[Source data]
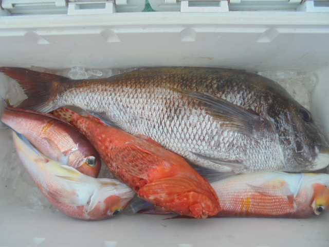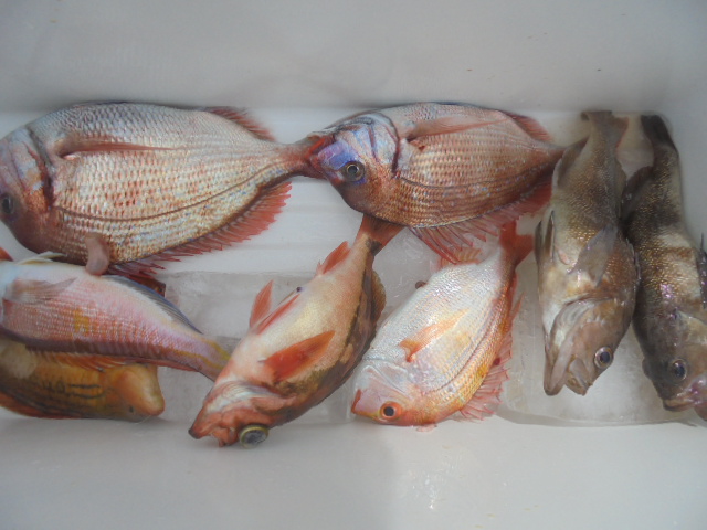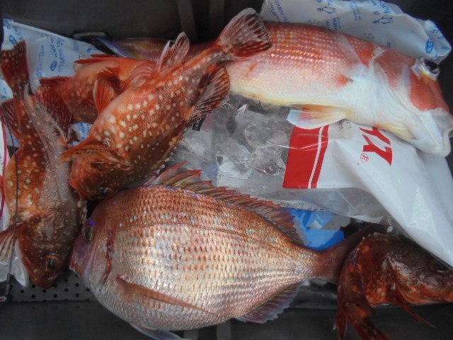 マダイ0.6~3.5㎏ 4尾、アマダイ 5尾、オニカサゴ 1尾、
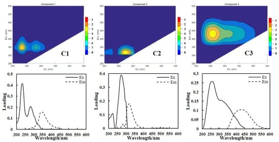 By calculating the FI, HIX, and BIX of DOM in the overlying water, the sources and properties of DOM were determined. All EEM fluorescence data were modeled by the PARAFAC method using the DOM Fluor toolbox in MATLAB R2016b (Mathworks, Natick, MA, USA), the detailed steps can be found in the method used by Wang et al. []. Fluorescence components were obtained based on half-split validation and random initialization. Their relative abundances (%) and ratios were determined based on maximum fluorescence intensities (Fmax). The principal components were extracted from the water quality factors related and DOM components using principal component analysis (PCA).The analysis of fluorescence spectrum parameters were shown in Table 2. The excitation and emission maxima of the fluorescent components of DOM identified in the overlying water by parallel factor (PARAFAC) modeling were shown in in Table 3.
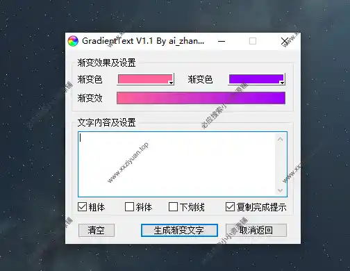 此工具为文字添加一个颜色的渐变效果,小巧易用。工具是比较小众的,有需要的可以下载。
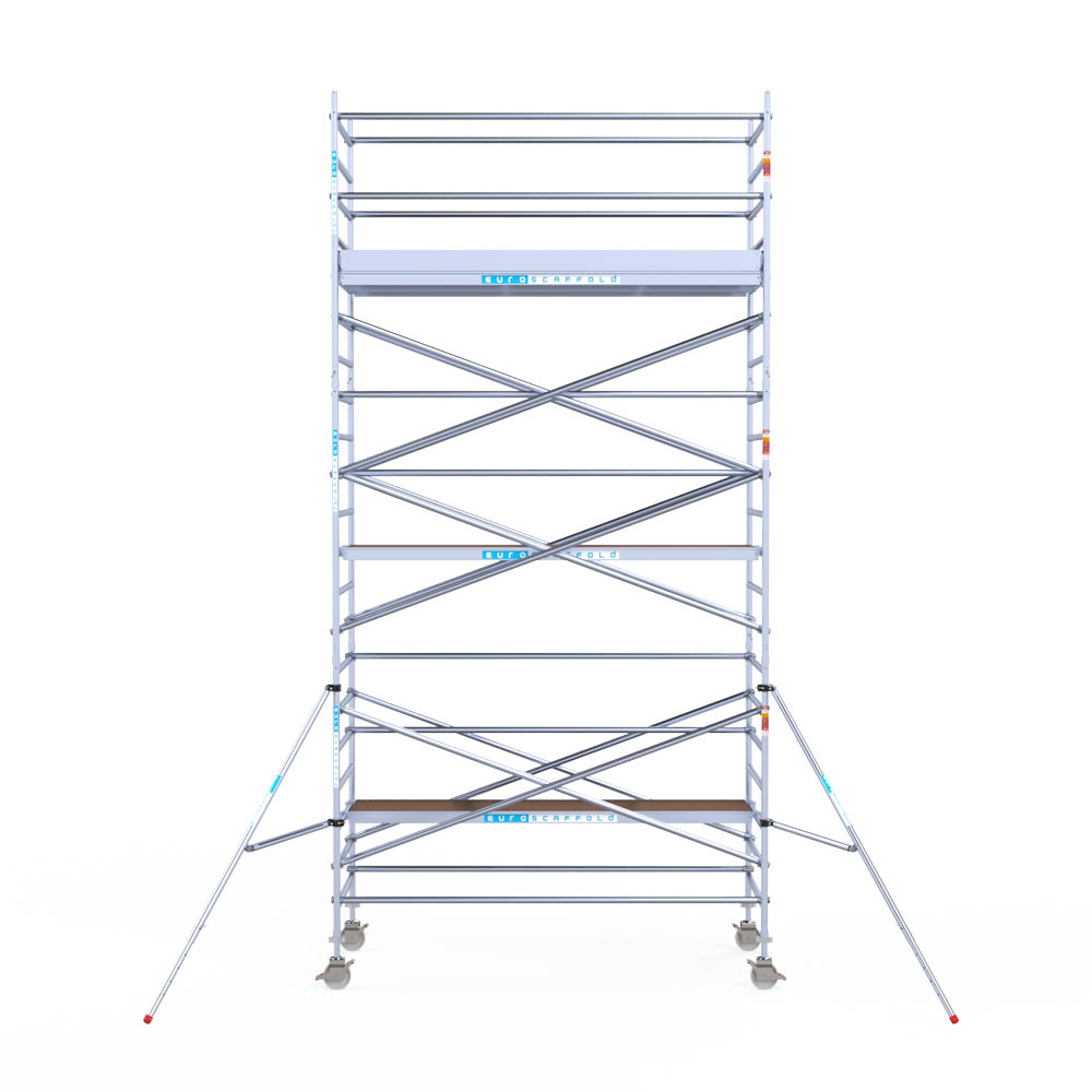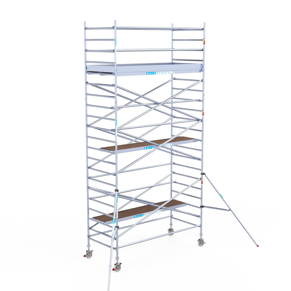 Let wel; Door de vernieuwde EN 1004 norm en het A-blad rolsteigers voldoen de Euroscaffold Euro met enkel schoren zonder voorloopleuning niet meer aan de regelgeving voor zakelijk gebruik. De Euro uitvoering met voorloopleuningen voldoen hier wel aan. Voor particulier gebruik is de uitvoering met schoren wel voldoende.
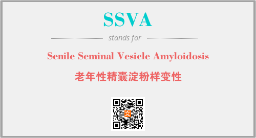 英文缩略词“SSVA”经常作为“Senile Seminal Vesicle Amyloidosis”的英文缩写来使用,中文表示:“老年性精囊淀粉样变性”。本文将详细介绍英文缩写词SSVA所代表英文单词,其对应的中文拼音、详细解释以及在英语中的流行度。此外,还有关于缩略词SSVA的分类、应用领域及相关应用示例等。
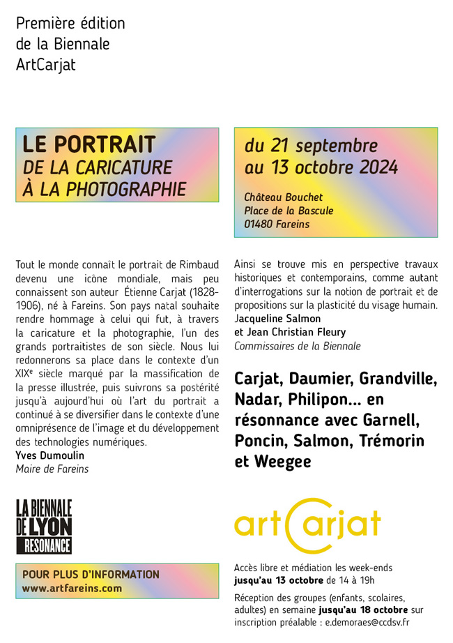 Tout le monde connaît le portrait de Rimbaud devenu une icône mondiale, mais peu connaissent son auteur : Etienne Carjat (1828-1906), né à Fareins dans notre beau Val de Saône1. Son pays natal souhaite rendre hommage à celui qui fut, à travers la caricature et la photographie, l’un des grands portraitistes de son siècle. Nous lui redonnerons sa place dans le contexte d’un XIXe siècle marqué par la massification de la presse illustrée, puis suivrons sa postérité jusqu’à aujourd’hui où l’art du portrait a continué à se diversifier dans le contexte d’une omniprésence de l’image et du développement des technologies numériques. Un premier événement sera organisé en 2024 à Fareins et dans le Val de Saône, inaugurant une série biennale de trois expositions et d’actions patrimoniales et culturelles dédiées à l’art du portrait, le portrait d’hier et le portrait contemporain d’aujourd’hui. Ce premier évènement privilégiera le portrait dessiné et caricaturé.
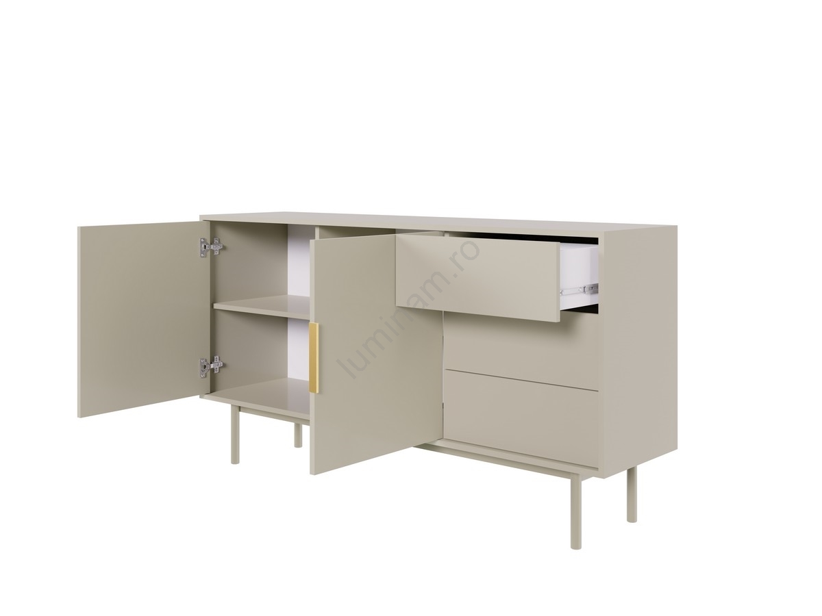 • Dispune de două uși în partea stângă și trei sertare în partea dreaptă, pentru depozitare ordonată.
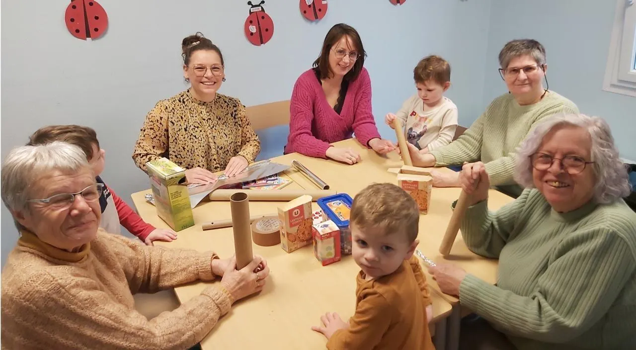 Une fois par mois, dans le cadre des ateliers seniors, trois bénévoles retraitées Patricia, Évelyne et Francine, consacrent une heure de leur temps libre à proposer des activités manuelles aux jeunes enfants. « Le public senior trouve toute sa place dans les différentes actions que nous développons. Ce secteur s’adresse aux plus de 60 ans. Nous avons créé ce lien entre la section seniors de la commission bien vieillir et la crèche de la maison de la petite enfance », explique Julie Fortin, animatrice seniors. « Chaque mois, nous préparons une activité, souvent créative. Quand le temps le permet, nous faisons aussi des sorties en forêt. Ce partenariat avec Julie Fortin est très positif. L’intérêt principal est que les enfants rencontrent et s’habituent à d’autres adultes que ceux de leur cercle familial », souligne Amandine Thimond, éducatrice de jeunes enfants et référente pédagogique de la crèche.
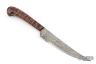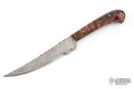This knife by River Trader Knives features an upswept blade with file worked blade spine, spalted flats, .061" blade stock, and .989 blade depth, full tang construction. The handle features a pinned wood grip. Has some patina and scuffs, excellent condition otherwise.
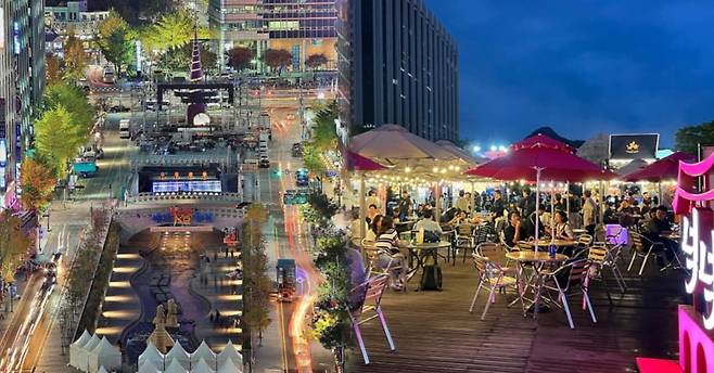 곳곳에 포토존과 푸드트럭에서 구입한 음식을 먹을 수 있는 좌석이 설치되어 있어 편리함을 더했는데요. 밤이되면 조형물에 조명이 켜져 낭만적인 서울 도심 속 먹거리를 즐길 수 있습니다.
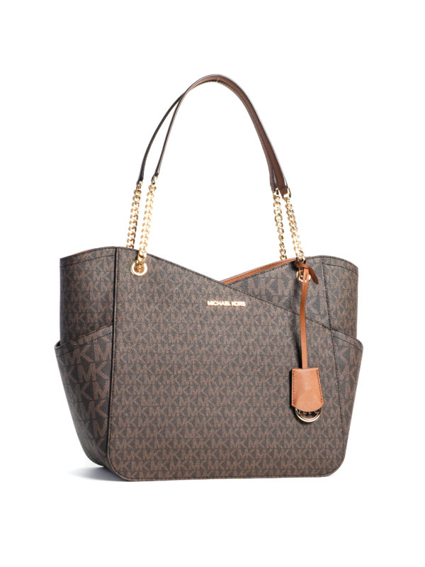 Michael Kors Jet Set Travel Large Chain Shoulder Tote Signature Brown
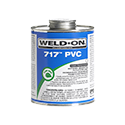 Weld-On® 717™ is a clear or gray, low VOC emission, heavy bodied, medium setting cement for all classes and schedules of pipe and fittings, including Schedule 80, with interference fit through 12" diameter. It has good gas filling properties and is recommended for solvent cementing joints where a sizable gap exists between pipe and fitting -- e.g. large pipe sizes -- and when more working time is required in warm weather. Suitable for use with potable water pressure systems, irrigation, turf, conduit, industrial pipe applications, sewer, drain, waste and vent systems. 717™ Gray cement is available in 1/2 pint, pint, quart and gallon metal cans. 717™ Clear is available in 1/4 pint, 1/2 pint, pint, quart and gallon metal cans. It is LEED compliant and meets ASTM D 2564 standard and SCAQMD Rule 1168/316A. It has a shelf life of three years in a tightly sealed container.
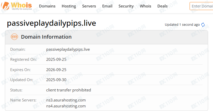 平臺域名成立時間為2025年9月25日。
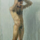 Noted by Lx Leckford .Australian painter Peter Churcher, Shower Screen VIII, 2019. Oil on canvas, 195 x 114 cm.
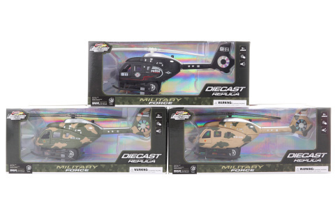 Kovová helikoptéra na baterie. Helikoptéra svítí a vydává zvuky. Napájení na 3 AG13 baterie (jsou součástí). Rozměry helikoptéry cca 21 x 7,5 cm. Rozměry balení cca 27 x 11,5 x 7 cm. Věk 3+ prečítať celé
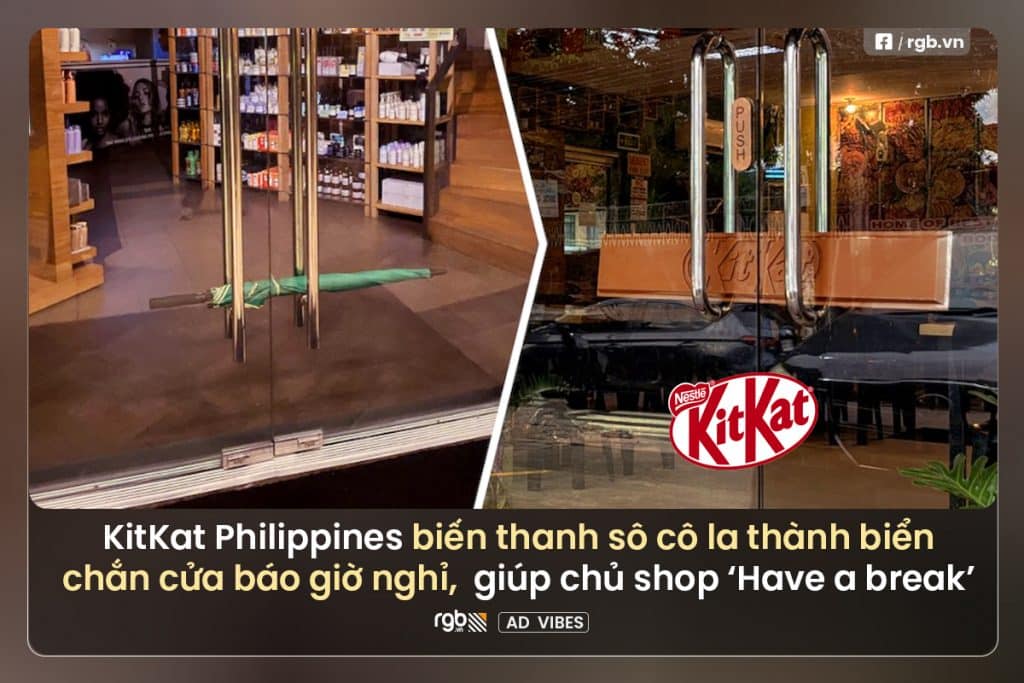 KiKat Philippines vừa ra mắt chiến dịch “KitKat Break Bar”, biến biểu tượng thanh sô cô la và khẩu hiệu “Have A Break” kinh điển của mình thành biển báo giờ đóng cửa cho các cửa hàng. Một chiến dịch sáng tạo kết hợp thương hiệu với văn hoá địa phương.
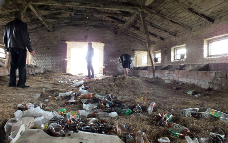 Pati erdviausia pastogė girtuokliavimui – buvusios karvidės. Žmonės dažnai leidžia laiką tarp ėdžių su girdyklomis ir mėšlo šalinimo takų bei šieno likučių.
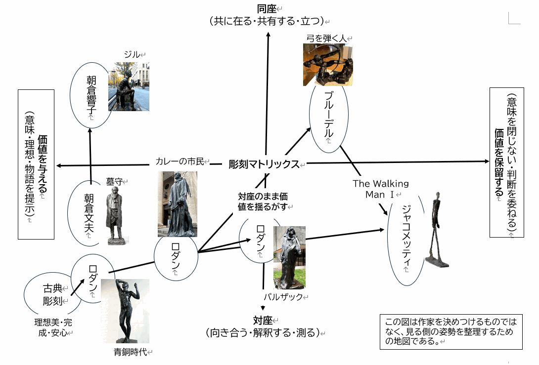 彫刻は、もはや完成された答えを与える芸術ではない。代わりに、鑑賞者に「どう立つか」「どの姿勢を引き受けるか」を静かに問い返してくる。このマトリックスは、その問いに迷ったとき、現在地を確認するための足場となる。
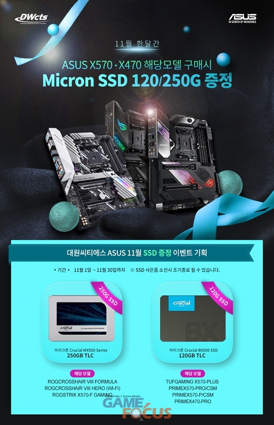 이벤트 대상 제품은 X570 칩셋 기반의 메인보드 6종과 X470-PRO 1종, 총 7가지로 ASUS ROG CROSSHAIR VII FORMULA, ASUS ROG CROSSHAIR VIII HERO (WI-FI), ASUS ROG Strix X570-F Gaming 구입 시 마이크론 크루셜 MX500 250GB를, ASUS PRIME X570-P CSM, ASUS PRIME X570-PRO CSM, ASUS TUF X570-PLUS GAMING, ASUS PRIME X470-PRO 구입 시 마이크론 크루셜 BX500 120GB를 증정한다.
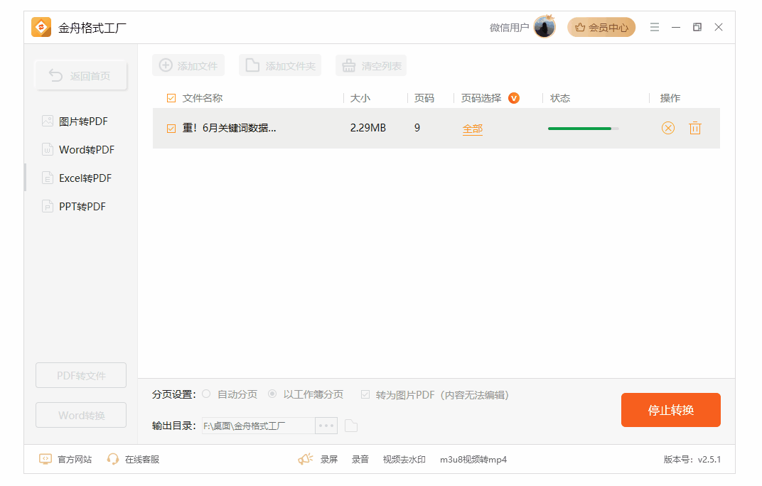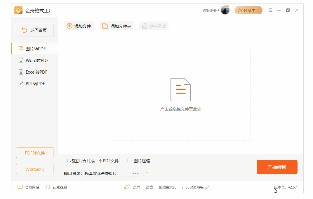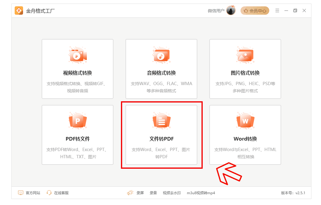步骤1:进入金舟格式工厂,点击“文件转换PDF”功能;

[What you need to do] Set down every record above exactly as it stands, but skip the pictures.

[Solution]
 マダイ0.6~3.5㎏ 4尾、アマダイ 5尾、オニカサゴ 1尾、
 By calculating the FI, HIX, and BIX of DOM in the overlying water, the sources and properties of DOM were determined. All EEM fluorescence data were modeled by the PARAFAC method using the DOM Fluor toolbox in MATLAB R2016b (Mathworks, Natick, MA, USA), the detailed steps can be found in the method used by Wang et al. []. Fluorescence components were obtained based on half-split validation and random initialization. Their relative abundances (%) and ratios were determined based on maximum fluorescence intensities (Fmax). The principal components were extracted from the water quality factors related and DOM components using principal component analysis (PCA).The analysis of fluorescence spectrum parameters were shown in Table 2. The excitation and emission maxima of the fluorescent components of DOM identified in the overlying water by parallel factor (PARAFAC) modeling were shown in in Table 3.
 此工具为文字添加一个颜色的渐变效果,小巧易用。工具是比较小众的,有需要的可以下载。
 Let wel; Door de vernieuwde EN 1004 norm en het A-blad rolsteigers voldoen de Euroscaffold Euro met enkel schoren zonder voorloopleuning niet meer aan de regelgeving voor zakelijk gebruik. De Euro uitvoering met voorloopleuningen voldoen hier wel aan. Voor particulier gebruik is de uitvoering met schoren wel voldoende.
 英文缩略词“SSVA”经常作为“Senile Seminal Vesicle Amyloidosis”的英文缩写来使用,中文表示:“老年性精囊淀粉样变性”。本文将详细介绍英文缩写词SSVA所代表英文单词,其对应的中文拼音、详细解释以及在英语中的流行度。此外,还有关于缩略词SSVA的分类、应用领域及相关应用示例等。
 Tout le monde connaît le portrait de Rimbaud devenu une icône mondiale, mais peu connaissent son auteur : Etienne Carjat (1828-1906), né à Fareins dans notre beau Val de Saône1. Son pays natal souhaite rendre hommage à celui qui fut, à travers la caricature et la photographie, l’un des grands portraitistes de son siècle. Nous lui redonnerons sa place dans le contexte d’un XIXe siècle marqué par la massification de la presse illustrée, puis suivrons sa postérité jusqu’à aujourd’hui où l’art du portrait a continué à se diversifier dans le contexte d’une omniprésence de l’image et du développement des technologies numériques. Un premier événement sera organisé en 2024 à Fareins et dans le Val de Saône, inaugurant une série biennale de trois expositions et d’actions patrimoniales et culturelles dédiées à l’art du portrait, le portrait d’hier et le portrait contemporain d’aujourd’hui. Ce premier évènement privilégiera le portrait dessiné et caricaturé.
 • Dispune de două uși în partea stângă și trei sertare în partea dreaptă, pentru depozitare ordonată.
 Une fois par mois, dans le cadre des ateliers seniors, trois bénévoles retraitées Patricia, Évelyne et Francine, consacrent une heure de leur temps libre à proposer des activités manuelles aux jeunes enfants. « Le public senior trouve toute sa place dans les différentes actions que nous développons. Ce secteur s’adresse aux plus de 60 ans. Nous avons créé ce lien entre la section seniors de la commission bien vieillir et la crèche de la maison de la petite enfance », explique Julie Fortin, animatrice seniors. « Chaque mois, nous préparons une activité, souvent créative. Quand le temps le permet, nous faisons aussi des sorties en forêt. Ce partenariat avec Julie Fortin est très positif. L’intérêt principal est que les enfants rencontrent et s’habituent à d’autres adultes que ceux de leur cercle familial », souligne Amandine Thimond, éducatrice de jeunes enfants et référente pédagogique de la crèche.
This knife by River Trader Knives features an upswept blade with file worked blade spine, spalted flats, .061" blade stock, and .989 blade depth, full tang construction. The handle features a pinned wood grip. Has some patina and scuffs, excellent condition otherwise.
 곳곳에 포토존과 푸드트럭에서 구입한 음식을 먹을 수 있는 좌석이 설치되어 있어 편리함을 더했는데요. 밤이되면 조형물에 조명이 켜져 낭만적인 서울 도심 속 먹거리를 즐길 수 있습니다.
 Michael Kors Jet Set Travel Large Chain Shoulder Tote Signature Brown
 Weld-On® 717™ is a clear or gray, low VOC emission, heavy bodied, medium setting cement for all classes and schedules of pipe and fittings, including Schedule 80, with interference fit through 12" diameter. It has good gas filling properties and is recommended for solvent cementing joints where a sizable gap exists between pipe and fitting -- e.g. large pipe sizes -- and when more working time is required in warm weather. Suitable for use with potable water pressure systems, irrigation, turf, conduit, industrial pipe applications, sewer, drain, waste and vent systems. 717™ Gray cement is available in 1/2 pint, pint, quart and gallon metal cans. 717™ Clear is available in 1/4 pint, 1/2 pint, pint, quart and gallon metal cans. It is LEED compliant and meets ASTM D 2564 standard and SCAQMD Rule 1168/316A. It has a shelf life of three years in a tightly sealed container.
 平臺域名成立時間為2025年9月25日。
 Noted by Lx Leckford .Australian painter Peter Churcher, Shower Screen VIII, 2019. Oil on canvas, 195 x 114 cm.
 Kovová helikoptéra na baterie. Helikoptéra svítí a vydává zvuky. Napájení na 3 AG13 baterie (jsou součástí). Rozměry helikoptéry cca 21 x 7,5 cm. Rozměry balení cca 27 x 11,5 x 7 cm. Věk 3+ prečítať celé
 KiKat Philippines vừa ra mắt chiến dịch “KitKat Break Bar”, biến biểu tượng thanh sô cô la và khẩu hiệu “Have A Break” kinh điển của mình thành biển báo giờ đóng cửa cho các cửa hàng. Một chiến dịch sáng tạo kết hợp thương hiệu với văn hoá địa phương.
 Pati erdviausia pastogė girtuokliavimui – buvusios karvidės. Žmonės dažnai leidžia laiką tarp ėdžių su girdyklomis ir mėšlo šalinimo takų bei šieno likučių.
 彫刻は、もはや完成された答えを与える芸術ではない。代わりに、鑑賞者に「どう立つか」「どの姿勢を引き受けるか」を静かに問い返してくる。このマトリックスは、その問いに迷ったとき、現在地を確認するための足場となる。
 이벤트 대상 제품은 X570 칩셋 기반의 메인보드 6종과 X470-PRO 1종, 총 7가지로 ASUS ROG CROSSHAIR VII FORMULA, ASUS ROG CROSSHAIR VIII HERO (WI-FI), ASUS ROG Strix X570-F Gaming 구입 시 마이크론 크루셜 MX500 250GB를, ASUS PRIME X570-P CSM, ASUS PRIME X570-PRO CSM, ASUS TUF X570-PLUS GAMING, ASUS PRIME X470-PRO 구입 시 마이크론 크루셜 BX500 120GB를 증정한다.
步骤1:进入金舟格式工厂,点击“文件转换PDF”功能;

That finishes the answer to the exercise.